During the 1928-29 season at Ur, in the Great Death Pit of the Royal Cemetery excavated by the joint University Museum-British Museum expedition headed by C. Leonard Woolley, two spectacular musical instruments were discovered--a silver boat-shaped lyre and a magnificent gold and lapis Great Bull lyre. This book chronicles their history, conservation, and reconservation.
Although little was known about mid-third millennium Mesopotamian archaeology early last century, it was clear that the Sumerians had developed a vigorous trade in luxury goods, with an economy that necessitated a highly structured government whose leaders could command rich and elaborate graves that included a full panoply of musical instruments.

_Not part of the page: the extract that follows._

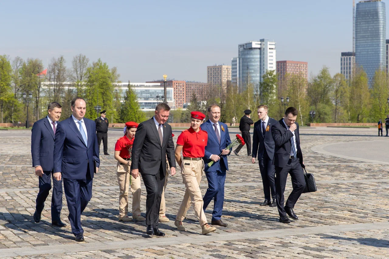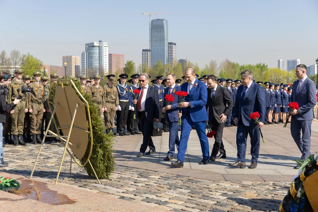 Также делегация Министерства транспорта России совместно с руководством Музея Победы и представителями Российского общества историков транспорта возложили цветы к Вечному огню на площади около музея на Поклонной горе.

In meticulous detail, using both traditional and new X-ray and electronic imaging techniques, Maude de Schauensee examines and analyzes the construction of the two lyres held by the Museum while providing an economic, historical, and sociological context in which to better understand them. She examines the decorative motifs, consulting ancient texts, along with the materials and the techniques of the builders of these instruments. New information and new conservation descriptions are published here for the first time.
Two conservators--Virginia Greene, the Museum's Senior Conservator, examined the gold lyre, and Tamsen Fuller, an objects conservator, the silver lyre--provide detailed descriptions of how they went about undoing the faulty initial work and restored the lyres as close to their original state as possible.
Musicologists, art historians, Near East scholars and archaeologists, and general readers will find this book's new analysis of the instruments of an ancient culture of significant interest.